Когда Ньюлэнд Ачер распахнул дверь в клубную ложу, занавес уже поднялся, и взорам зрителей предстала декорация, изображавшая сад. У молодого человека не было никаких причин, чтобы опаздывать; отужинал он в семь часов вместе со своими матерью и сестрой после чего засиделся, дымя сигарой, в готической библиотеке с застекленными рядами книжных полок из черного орехового дерева и стульями с высокими спинками. Это была единственная комната в доме, в которой миссис Ачер разрешала курить. Но Нью-Йорк, прежде всего, столица, а в столицах, насколько известно, считается дурным тоном прибывать в оперу загодя; и то, что было или на самом деле не было дурным тоном играло не менее важную роль в жизни Нью-Йорка Ньюлэнда Ачера, чем загадочные, наводящие ужас тотемы, вершившие судьбы его пращуров тысячелетия назад.

А во-вторых он опоздал по причине личного характера. Он предавался мечтаниям за сигарой, ибо по своей природе был склонен к созерцанию. Предвкушение ожидаемых удовольствий порой давало ему более тонкое наслаждение, чем они сами. В особенности это касалось чувственных удовольствий, которые волновали его больше всего; и в данном случае момент, который он предвкушал, был настолько редким и исключительным, что, – ну, скажем, если бы он соотнес свое прибытие с появлением импресарио примадонны, то непременно упустил бы его. Ему непременно нужно было появиться в Академии именно тогда, когда она поет:

«Любит – не любит – он любит меня!» – и бросает на пол лепестки маргаритки, и в зал льются звуки не менее чистые, чем утренняя роса.

Раньше она, конечно, пела «M'ama!» вместо «Он любит меня,» – поскольку безоговорочный и неизменный закон музыкального мира требует, чтобы немецкий текст французских опер переводился на итальянский: тогда, якобы, шведских певцов лучше понимает англо-говорящая публика. Это казалось Ньюлэнду Ачеру вполне естественным, равно как и другие неписанные законы, ограничивавшие определенными рамками его существование, – такие, к примеру, как непременное использование двух серебряных гребней с его монограммой, покрытой голубой эмалью (они нужны были для того, чтобы аккуратно делать пробор) или появление в свете с цветком гардении в петлице.

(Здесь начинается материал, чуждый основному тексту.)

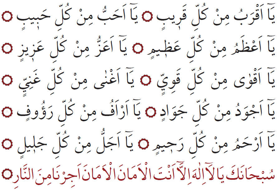 Sen ähli kemçilik we nogsanlardan päksiň, Senden başga bizi halas etjek hudaý ýok ahyryn! Bize amanlyk ber, amanlyk dileýäris. Bizi jähennem odundan halas et! (44)
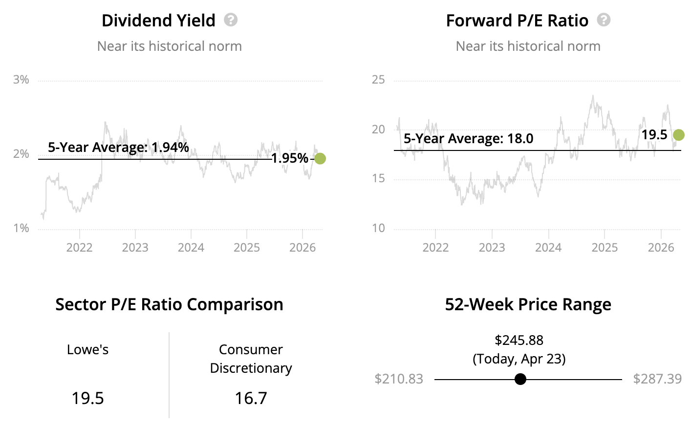 Founded in 1921, Lowe's is a leading home improvement retailer selling building materials, tools, appliances, and home goods to homeowners and professionals. It generates revenue through a large store base and digital channels, with demand tied to home repair, remodeling, and construction activity.

«M'ama… non m'ama…» – в конце ее голос наполнился победным ликованием любви.

«M'ama!» – пропела она и прижала к своим губам растрепанную маргаритку. Потом она возвела огромные глаза на искушенного в делах житейских Фауста – приземистого, смуглого Кпоула. Облаченный в тесный бархатный камзол пурпурного цвета, в шляпе с пером, он тщетно пытался выглядеть так же естественно и просто, как его наивная жертва.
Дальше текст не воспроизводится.